GrabDuck

duggum/aur-scraper

:

What does aur-scraper do?

Aur-scraper generates a list of package names from the Arch User Repository (AUR).

Why aur-scraper?

The primary purpose of the script is to provide a locally stored list of AUR package names that can be used for bash (or other shell) completion with an AUR helper. All one has to do is write or adapt a bash completion script to use the AUR package list to generate a completion string.

There may be other uses for such a list, but I haven't really given it much thought. If you have ideas, please share!

Note: I realize that this is probably very low on most people's must have list. I was simply messing around with the bash completion script for Aura one day and decided to see if I could incorporate AUR package completion in the same way it exists for official repository packages via Pacman.

Installation

Since this is an Arch Linux specific package, and until an AUR package is available, it is highly recommended that you install it by using the included PKGBUILD, as follows:

  1. download the PKGBUILD to a convenient location
  2. change into that directory and...
$> makepkg -c
$> makepkg -i

or

$> makepkg -c
$> pacman -U aur-scraper-1.0.0.pkg.tar.xz
$> sudo aur-scraper

then

As an alternative, you can clone the repo and place the files anywhere you want as long as you have write access and change the following directory variables to match your setup:

DATA_DIR="/usr/share/aur-scraper"
LOG_DIR="/var/log"
TEMP_DIR="/tmp"

Note: An existing package list is provided with the installation, but you should update that immediately since it will be outdated.

What aur-scraper does:

tl;dr: It creates a text file with a list of most AUR package names in it.

It is important to note that the package list created by this script does not include packages flagged as out of date or orphaned (i.e., no maintainer).
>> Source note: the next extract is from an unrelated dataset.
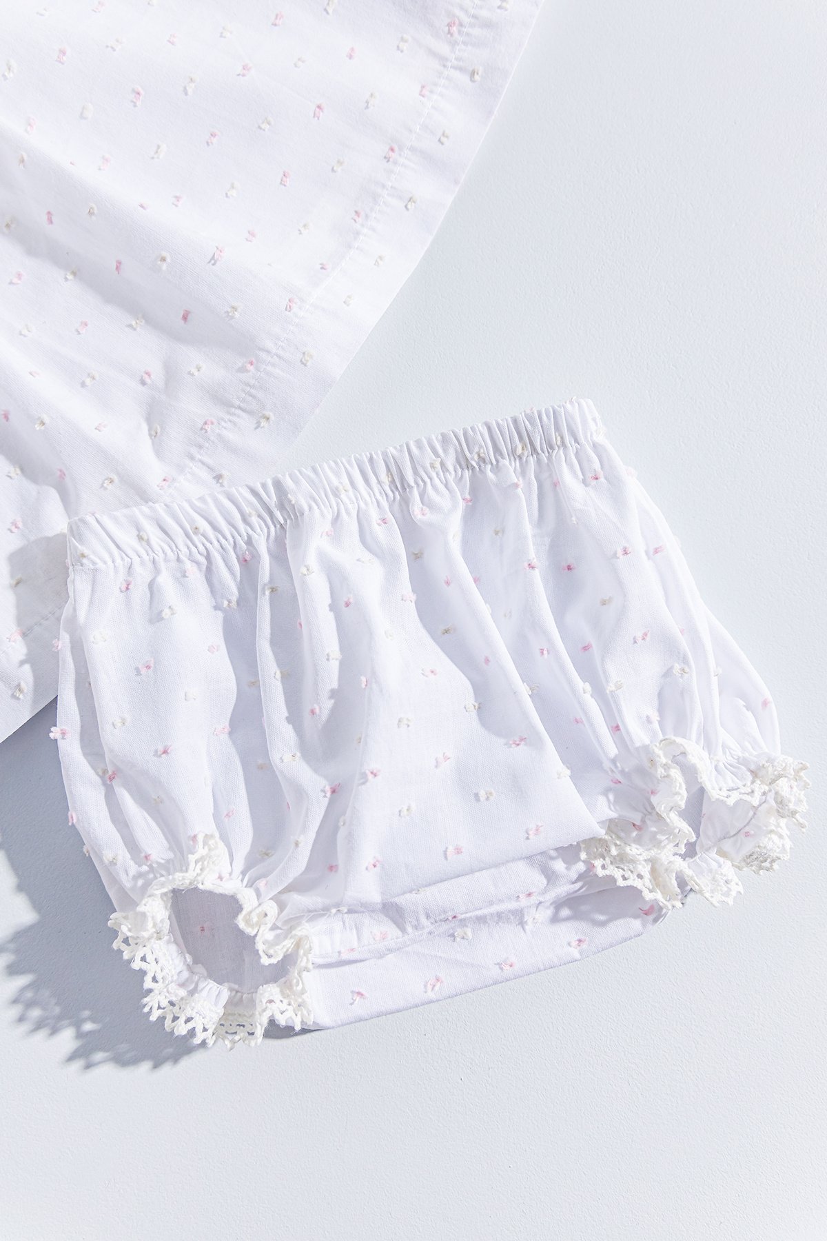 - Çamaşırın bacak kısımları lastik büzgülüdür ve dantel süslemelidir.

If you want such packages popping up in your bash completion, you are welcome to change the code and make it so.

  1. The following search criteria are used to retrieve all AUR packages that are not flagged out of date:
    • category - any
    • search by - name only
    • keywords - empty
    • out of date - not flagged
    • sort by - name
    • sort order - ascending
    • per page - 250
  2. All orphan package entries are removed from the raw HTML.
  3. The individual package names are extracted and stored in a plain text file.

That's it. You end up with a text file.

So, then what?

If you use Aura, a living, breathing bash completion example can be found in the completions folder at:

/usr/share/aur-scraper/completions/aura_bash-completion

Simply do this as root:

$> mv /usr/share/bash-completion/completions/aura /usr/share/bash-completion/completions/aura.bak
$> cp /usr/share/aur-scraper/completions/aura_bash-completion /usr/share/bash-completion/completions/aura

Otherwise, you can use your favourite shell completion tool(s) to access the list and <tab>+<tab> your way to AUR completion bliss.
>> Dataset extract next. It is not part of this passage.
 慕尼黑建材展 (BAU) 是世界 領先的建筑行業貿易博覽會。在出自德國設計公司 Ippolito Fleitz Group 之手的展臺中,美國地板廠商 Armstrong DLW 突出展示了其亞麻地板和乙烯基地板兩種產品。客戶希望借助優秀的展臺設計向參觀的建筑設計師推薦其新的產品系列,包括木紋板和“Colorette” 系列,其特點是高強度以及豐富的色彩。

For example, for Bash you might have something like this:

aur_pkgs=$( cat "aur_pkg_list.txt" )
COMPREPLY=($( compgen -W "$aur_pkgs" -- "$cur" ))

For those who require visuals:

AUR Completion in Action

Beware!!

In case you didn't notice in the image above, you will end up with a list of 30,000+ package names (out of 47,630 at last check). Downloading and processing the raw HTML from the AUR website takes time:

aur-scraper Run Time

While a few minutes on a one-off run isn't a big deal, the AUR is a moving target. Depending on your use of the repository, you may want to update your local list more or less frequently. Some options to do so include:

  • run in background via cron job
  • run in background at desktop session login
  • run manually
  • pay your kid five bucks to execute a key-combo every four hours throughout the day

If anyone knows of a more efficient way to get the necessary information without cycling through the standard AUR search pages, please let me know, or fork and fix as you see fit.

Final disclaimer

I am a novice at all this stuff. I am not an expert at shell scripting, nor am I an experienced programmer. I simply found something that I thought would be interesting to work on, I did so, and now I feel like sharing what I did with others. That's it, nothing more.

With that in mind, I welcome advice and constructive feedback. The script is heavily commented, so it shouldn't be hard for anyone to figure out the method to my madness.